0

I googled around for merging dictionaries but the results I looked at were all assuming replacement of the value. That is, if you a dict like {'config_prop': 2}, and another dict like {'config_prop': 7}, the end result of the merge is {'config_prop': 7}. What I want is {'config_prop': 9}.

My naive approach is the following, which works but is quite slow.

split_output = [{'some_prop': 1}, {'some_prop': 2, 'other_prop': 19}]
combined_output = {}
    for d in split_output:
        if combined_output == {}:
            combined_output = d.copy()
        else:
            for key, value in d.items():
                if key in combined_output:
                    combined_output[key] = combined_output[key] + value  # add to existing val
                else:
                    combined_output[key] = value

I'd love to hear suggestions on a better way to do this. Thanks!

Update: I tried this but it is considerably slower than my original code:

final_count = Counter() 
for d in split_output:
    final_count += Counter(d)   
final_output = dict(final_count)
Aaron
  • 2,154
  • 5
  • 29
  • 42

3 Answers3

2

I quickly profiled a few different approaches to your question:

combined_output = [{'some_prop': 1}, {'some_prop': 2, 'other_prop': 19}]

# set key or append value to new dictionary object:

def dict_sum(dicts):
    output = {}
    for d in dicts:
        for key, value in d.iteritems():
            if key in output:
                output[key] += value
            else:
                output[key] = value
     return output
    
# Implement a reducer function using functools:

from functools import reduce

def reducer(accumulator, element):
    for key, value in element.items():
        accumulator[key] = accumulator.get(key, 0) + value
    return accumulator
    
# Use a Counter:

from collections import Counter

def sum_dicts_values_by_key(dicts):
    return dict(sum([Counter(x) for x in combined_output], Counter()))

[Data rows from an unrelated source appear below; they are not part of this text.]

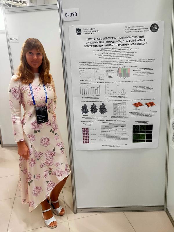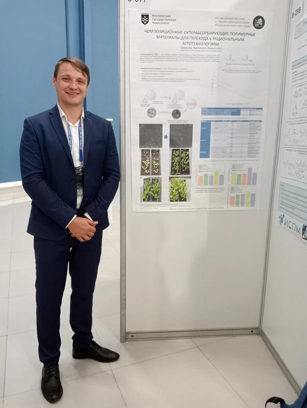 Доцент кафедры органической химии, кандидат химических наук Надежда Владимировна Столповская и руководитель продуктового развития пластиков и органического синтеза СИБУР Евгений Александрович Степанов выступили на секции «Полимеры и полимерные материалы». Учёные представили доклад по результатам совместной научно-исследовательской работы ВГУ и компании СИБУР «Гидрированные бутадиен-стирольные полимеры, как эффективные присадки в моторные масла». На этой же секции в рамках постерной сессии старший научный сотрудник кафедры биофизики и биотехнологии медико-биологического факультета, кандидат химических наук Мария Сергеевна Лавлинская выступила с докладом «Цистеиновые протеазы, стабилизированные сульфаниламидхитозаном, в качестве новых перспективных антибактериальных композиций». А старший научный сотрудник, доцент кафедры высокомолекулярных соединений и коллоидной химии химического факультета, кандидат биологических наук Андрей Викторович Сорокин представил доклад «Композиционные суперабсорбирующие полимерные материалы для перехода к рациональным агротехнологиям».
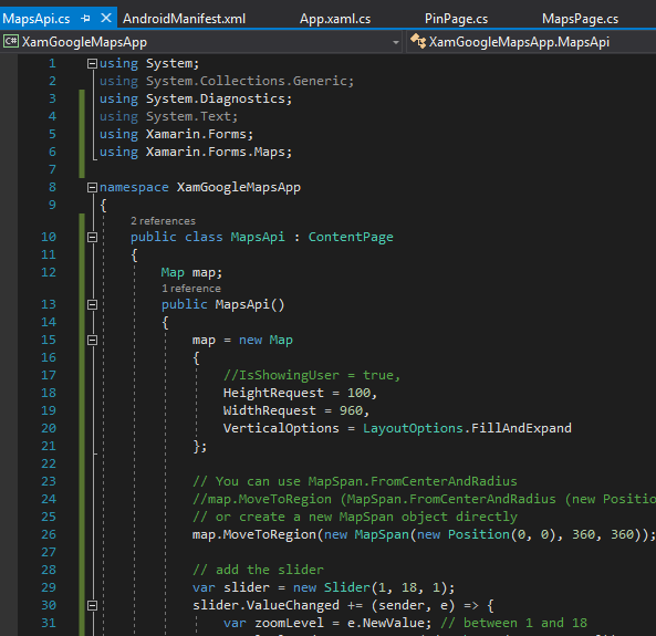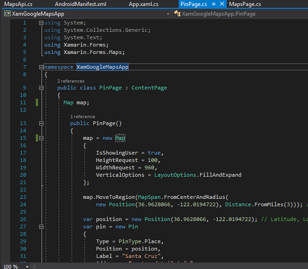 After the design view creation, open Solution Explorer >> XamGoogleMapsApp(PCL) >>App.xaml.cs and double-click to get its design view and copy and paste the below-given code.
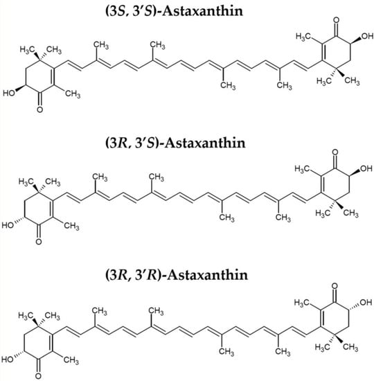 Among carotenoids that have beneficial effects on human health astaxanthin is one of the most successful compounds on the market. Its large scale cultivation mainly from the green microalga H. pluvialis is still considered more expensive [,]. The synthetic production of astaxanthin is still predominant in the market. This synthetic version of the carotenoid is wrongly thought as “a natural equivalent”. Actually, this production process leads to a mixture of astaxanthin isomers, which conferee important molecular and biological differences with respect to the natural carotenoid. In detail, natural astaxanthin (3S, 3′S) is more than 90% esterified, while the synthetic version is all free form, or unesterified. This chemical feature of the natural astaxanthin allows interactions with fatty acids to one or both ends of the compounds, with consequent high bioavailability [].
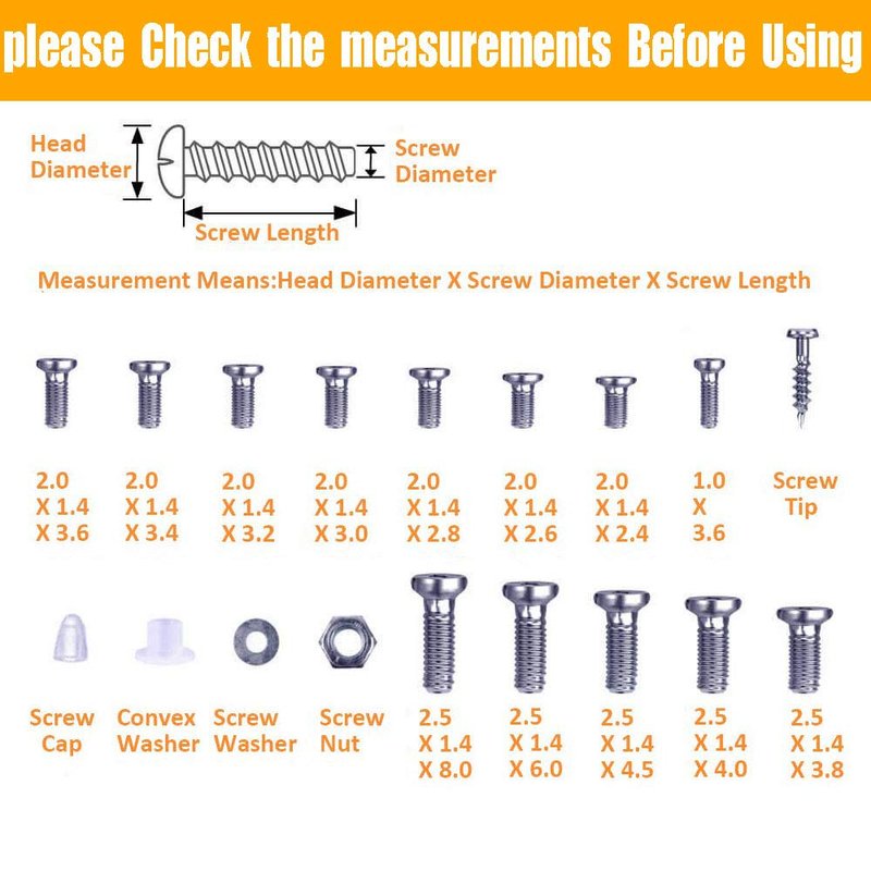 - 【Convenience】 All the accessories are well packed in a transparent box to keep them in order. The size information is stick under the case and you can find the size you need easily and quickly, and use the tweezer to pick out the screws
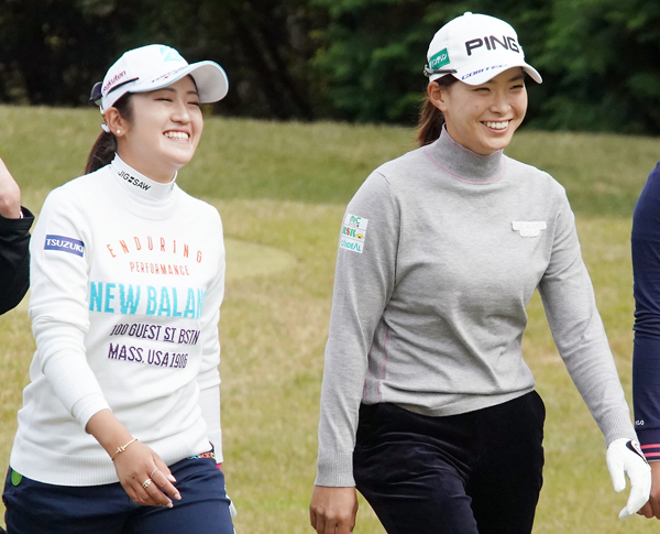 ラウンド中、渋野(右)と談笑する稲見(C)日刊ゲンダイ
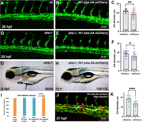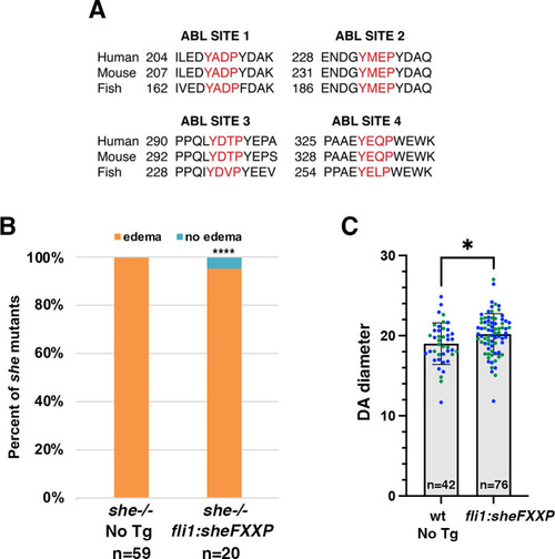 Consensus ABL phosphorylation sites YXXP are required for SHE function. (A) Consensus ABL phosphorylation sites are conserved between zebrafish, mice and humans. (B) Vascular endothelial expression of a mutant construct |
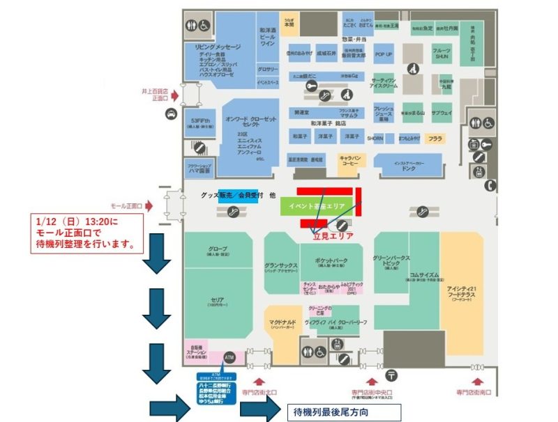 - 200番までの方が当選となり、1月17日(土)13:20にアイシティ21″モール正面口”で待機列整理を行いますので、抽選番号をスタッフにお見せください。
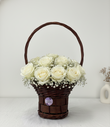 Presented in a hand-woven rustic basket, this bouquet exudes an aura of innocence, grace, and divine peace. It is the perfect choice for welcoming a new baby, expressing sincere sympathy, or celebrating a wedding with classic elegance.
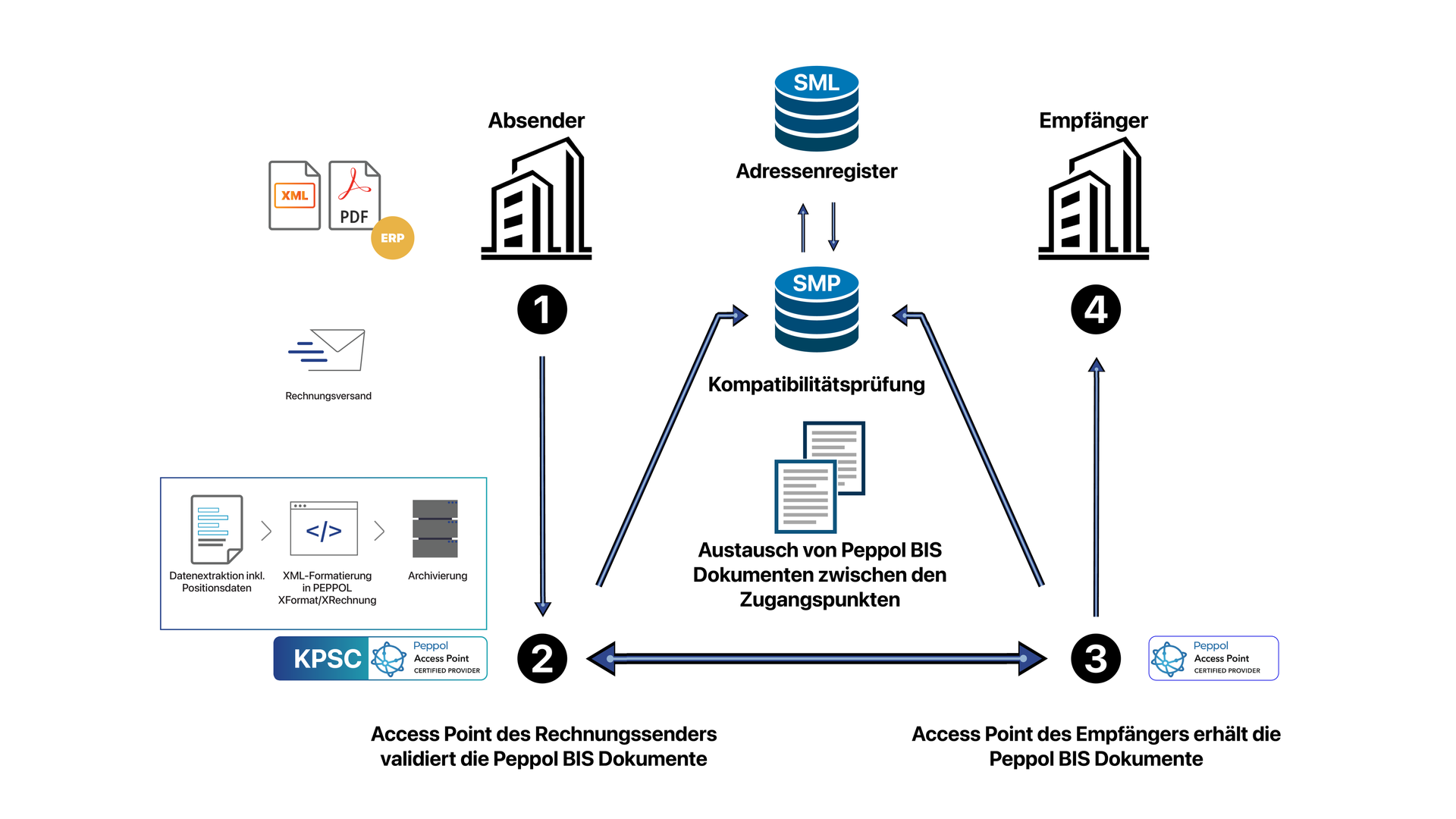 Die KPSC ist bereits ein PEPPOL Access Point und kann somit die globale Entwicklung zum standardisierten Rechnungsaustausch unterstützen. Damit werden Rechnungen über die KPSC- Lösung problemlos innerhalb des PEPPOL Netzwerks versendet und empfangen.

# Using dictionary comprehension:

def sum_dict_comprehension(dicts):
    return {k: sum([i[k] for i in dicts]) 
    if k in dicts[0] else i[k] for i in dicts for k in i}

Using timeit to run quick benchmarks for comparison:

res_1 = dict_sum(combined_output)
1000000 loops, best of 3: 457 ns per loop

res_2 = reduce(reducer, combined_output, {})
1000000 loops, best of 3: 1.35 µs per loop

res_3 = sum_dicts_values_by_key(combined_output)
100000 loops, best of 3: 12.8 µs per loop

res_4 = sum_dict_comprehension(combined_output)
1000000 loops, best of 3: 1.53 µs per loop
Wes Doyle
  • 2,199
  • 3
  • 17
  • 32
  • 1
    added fourth method to profile dictionary comprehension – Wes Doyle Oct 02 '18 at 02:38
  • Thanks, Wes! Great answer. I wonder if dict size affects this at all. In my case I have two dicts each with a little over 400,000 key-value pairs. – Aaron Oct 02 '18 at 14:39
  • 1
    There appears to be a typo in the `dict_sum` method, it will `return` after one dictionary. – joocer Oct 17 '21 at 16:08
1

You can use the following:

from collections import Counter

A = Counter({'config_prop': 2})
B = Counter({'config_prop': 7})
A + B
David Zemens
  • 53,033
  • 11
  • 81
  • 130
Irfanuddin
  • 2,295
  • 1
  • 15
  • 29
  • Hmmm... interesting idea but it is much slower than before. I updated the question with the new code I tried. – Aaron Oct 02 '18 at 00:52
  • I'm not really sure why. But [this](https://stackoverflow.com/questions/41594940/why-is-collections-counter-so-slow) claims that counter is fastest and explains what may slow down. Consider reading it. – Irfanuddin Oct 02 '18 at 00:58
0

Could use dictionary comprehension

combo = [{'some_prop': 1}, {'some_prop': 2, 'other_prop': 19}]

d = {k: sum([i[k] for i in combo]) if k in combo[0] else i[k] for i in combo for k in i}
{'some_prop': 3, 'other_prop': 19}
vash_the_stampede
  • 4,590
  • 1
  • 8
  • 20